● **Work to complete**:
Each line of the records below needs repeating exactly. Skip the pictures.

● **Extracted entries**:
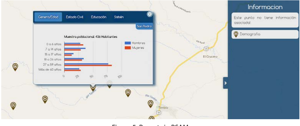
Figure 5. Reports in PSAM

The Geographical Data Mining Module (MMDG for its initials in spanish) uses a model that allows estimating or predicting the appearance of H. pylori with an estimated precision of 68 %. This model was created using data obtained from the community of the municipality of Timbío. The prediction model was built using decision trees J48 implementation of Weka [15]. The selected attributes were: name of the aqueduct, social stratum (high, medium, medium-low, low), basic sanitation (yes/no), water treatment (yes/no), overcrowded home (high, medium, low), pet (yes/no). The graphic interface of the module is shown in figure 6. This Graphical User Interface (GUI) was developed using Java Server Faces and PostgreSQL.
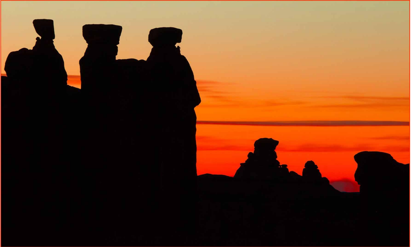
Cover Image: Three Gossips – Renata Kleinert

All images in the newsletter are property of the photographer and all rights are reserved.
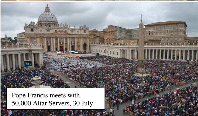
Pope Francis meets with 50,000 Altar Servers, 30 July.
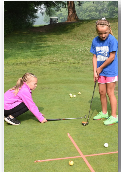
39 Youth participated in the 2023 Junior Golf Program.

TeeSnap has been an integral tool used to increase Dykeman Park Golf Course’s online presence and to create a seamless “check-in” experience for players and employees as well.
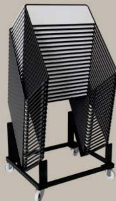
20 Tema tables with trolley
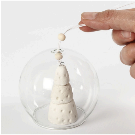
6 Thread the baseless hanging glass bauble onto the piece of natural hemp with the Christmas tree and finish with a wooden bead and a metal star. Tie at the top with a double knot.
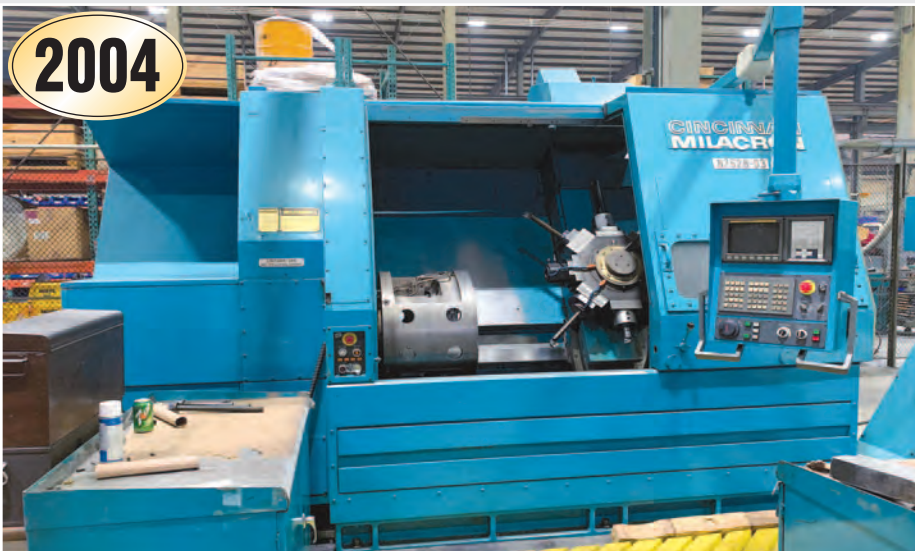
• Cincinnati Milacron Cinturn 28C CNC Valve Chucker Lathe, retrofit 2004, 50" swing over bed, 900 rpm, 50 hp, 10" bore, 28" O.D. 4-pos. valve indexing chuck, Fanuc Oi-TB CNC
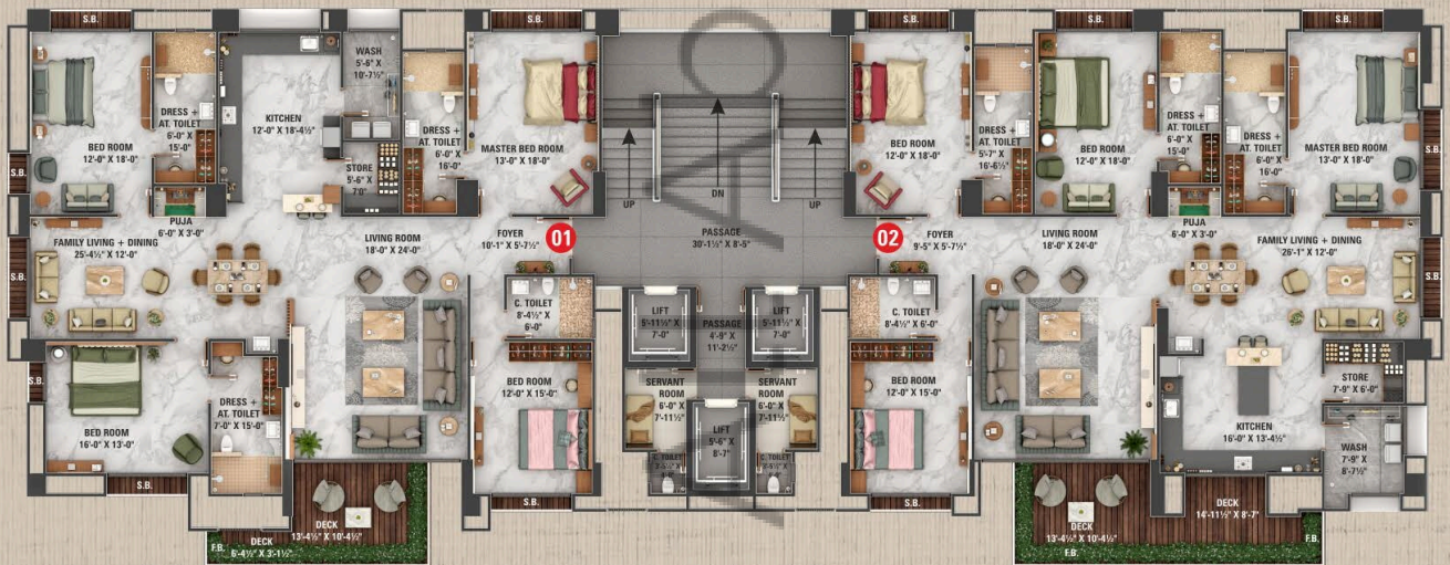
N FLOOR PLAN | BUILDING B 4TH | 7TH & 11TH FLOOR
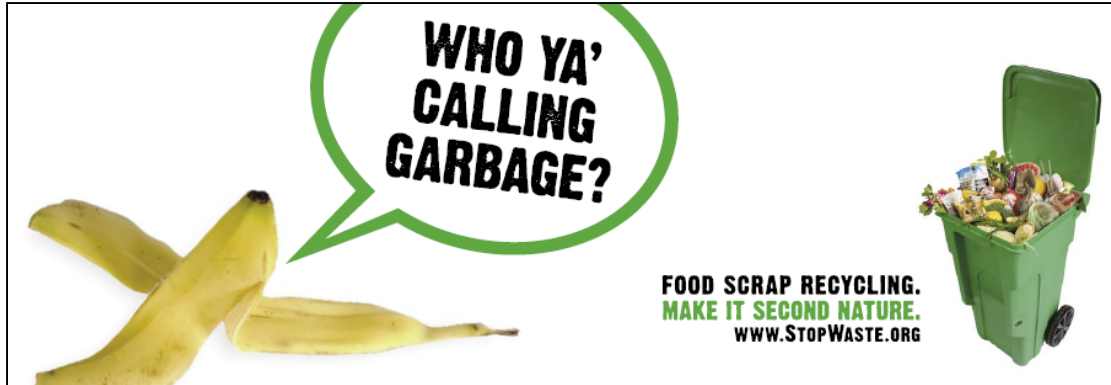
Figure B-2: Sample Billboard with Common Educational Elements
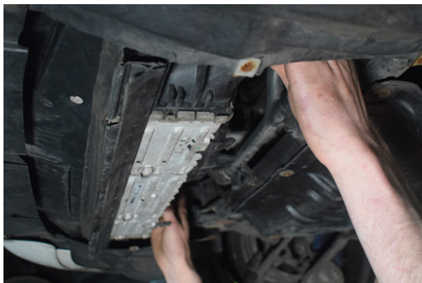
10. You can now remove the intercooler.

● **Exercise output**:
Figure 5. Reports in PSAM

The Geographical Data Mining Module (MMDG for its initials in spanish) uses a model that allows estimating or predicting the appearance of H. pylori with an estimated precision of 68 %. This model was created using data obtained from the community of the municipality of Timbío. The prediction model was built using decision trees J48 implementation of Weka [15]. The selected attributes were: name of the aqueduct, social stratum (high, medium, medium-low, low), basic sanitation (yes/no), water treatment (yes/no), overcrowded home (high, medium, low), pet (yes/no). The graphic interface of the module is shown in figure 6. This Graphical User Interface (GUI) was developed using Java Server Faces and PostgreSQL.
Cover Image: Three Gossips – Renata Kleinert

All images in the newsletter are property of the photographer and all rights are reserved.
Pope Francis meets with 50,000 Altar Servers, 30 July.
39 Youth participated in the 2023 Junior Golf Program.

TeeSnap has been an integral tool used to increase Dykeman Park Golf Course’s online presence and to create a seamless “check-in” experience for players and employees as well.
20 Tema tables with trolley
6 Thread the baseless hanging glass bauble onto the piece of natural hemp with the Christmas tree and finish with a wooden bead and a metal star. Tie at the top with a double knot.
• Cincinnati Milacron Cinturn 28C CNC Valve Chucker Lathe, retrofit 2004, 50" swing over bed, 900 rpm, 50 hp, 10" bore, 28" O.D. 4-pos. valve indexing chuck, Fanuc Oi-TB CNC
N FLOOR PLAN | BUILDING B 4TH | 7TH & 11TH FLOOR
Figure B-2: Sample Billboard with Common Educational Elements
10. You can now remove the intercooler.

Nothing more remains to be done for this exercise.